What does this mean in plain English?

I'll try to illustrate with a few examples.  The University of Illinois at Urbana-Champaign is the flagship university of the U of I system and is generally regarded at the best public university in the state of Illinois.  Illinois State, in Bloomington-Normal, is a good university but is less prestigious.  What I'm arguing is that some students who ended up at ISU should instead be attending the U of I.

Similarly, within the Urbana-Champaign campus some colleges are considered elite and are more restrictive regarding admission, while other colleges are more accepting.  Since I teach economics, which is in the College of Liberal Arts and Sciences, and many of the students I teach would have preferred to be in the Gies College of Business, what I'm arguing is that some of these econ students should actually be admitted to Gies, by an amount that is more than a mere drop in the bucket.  The increased numbers should be on the order of 50% to 100% of current enrollments. And I mean this to be a sustained plan over at least a decade, maybe longer, enough time to evaluate the impact of such a change.  In this piece I want to argue for why this is apt to be a change for the better.

Then, let's face it, there is elitism in public high schools and middles schools, elementary schools too.  This goes under the name tracking, or honors programs, or gifted programs, or some other labeling that makes the students in such programs seem to be the elite.

I am arguing to make the elite student more abundant, as a policy matter, thereby lessening the value in the distinction of being designated an elite student.  I hope to explain why this would be helpful in addressing key issues in education and why public institutions, in particular, should feel obligated to proceed along these lines.  From a social-welfare point of view, the same argument applies to non-profit but private educational organizations.  However, I believe it will take substantial coercion of such institutions to achieve this end.  So I will focus in this piece on public institutions, because the argument is easier to make in this case. If that argument succeeds in convincing readers, the private educational organizations can be taken on then.

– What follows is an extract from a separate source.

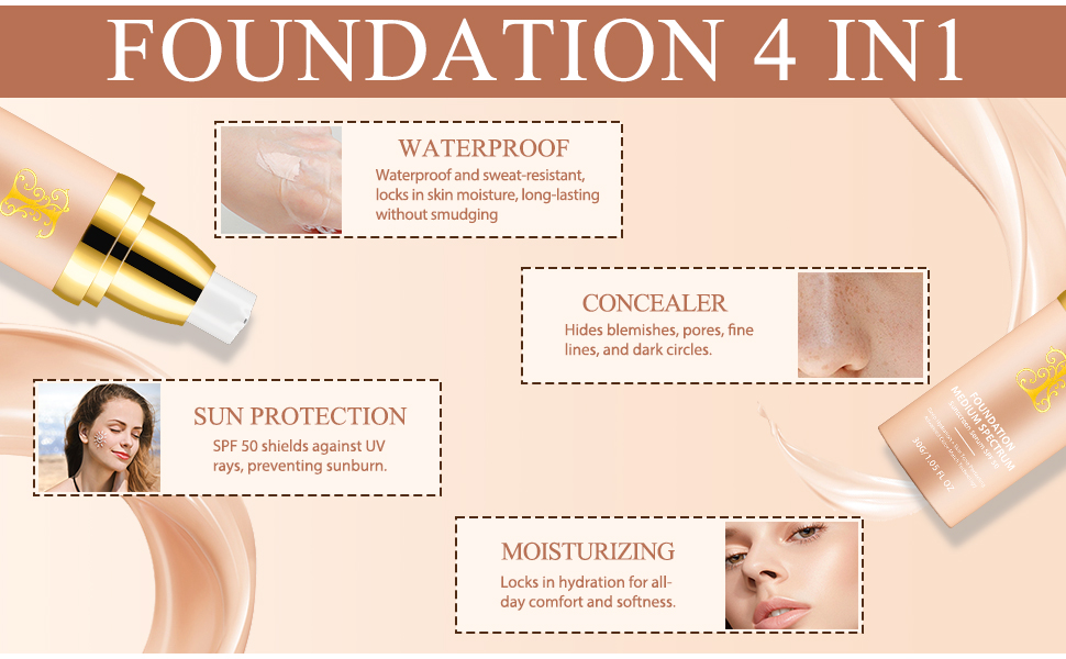 - 【4-IN-1 FOUNDATION】This Waterproof moisturizing light foundation Instantly mimics your skin tone and creates a uniform complexion without masking skin creating a illuminating silky finish.

On the other hand, I'm not arguing to treat all students as perfectly equal, which some might consider the ideal.  I believe that treating students as completely equal, irrespective of student intellectual and emotive capacity at any fixed time, is impossible.  To ignore student differentials when they are evident, purely in the name of equality, would be self-defeating.  So, while the temptation to be a purist on this is definitely there, that's not where we're headed.  Later in this essay, I will argue for why some apparent elitism is necessary.  What I would like to see, whether this is possible or not is to be argued thoroughly, is for all students to count in the social welfare function that determines how public education goes about things.  It seems to me now that non-elite students are ignored.  That's what needs to change - dramatically.

* * * * *

With this, I'm trying for two different things in this piece.  One is an explanation for why the mental health issues among current college students are so acute.  This requires an explanation of causality.  In this part, the current post is a sequel to my previous one, about students embracing the creative attitude on their own.  Here we're considering what in the academic environment might be changed to make for substantial improvement in student mental health.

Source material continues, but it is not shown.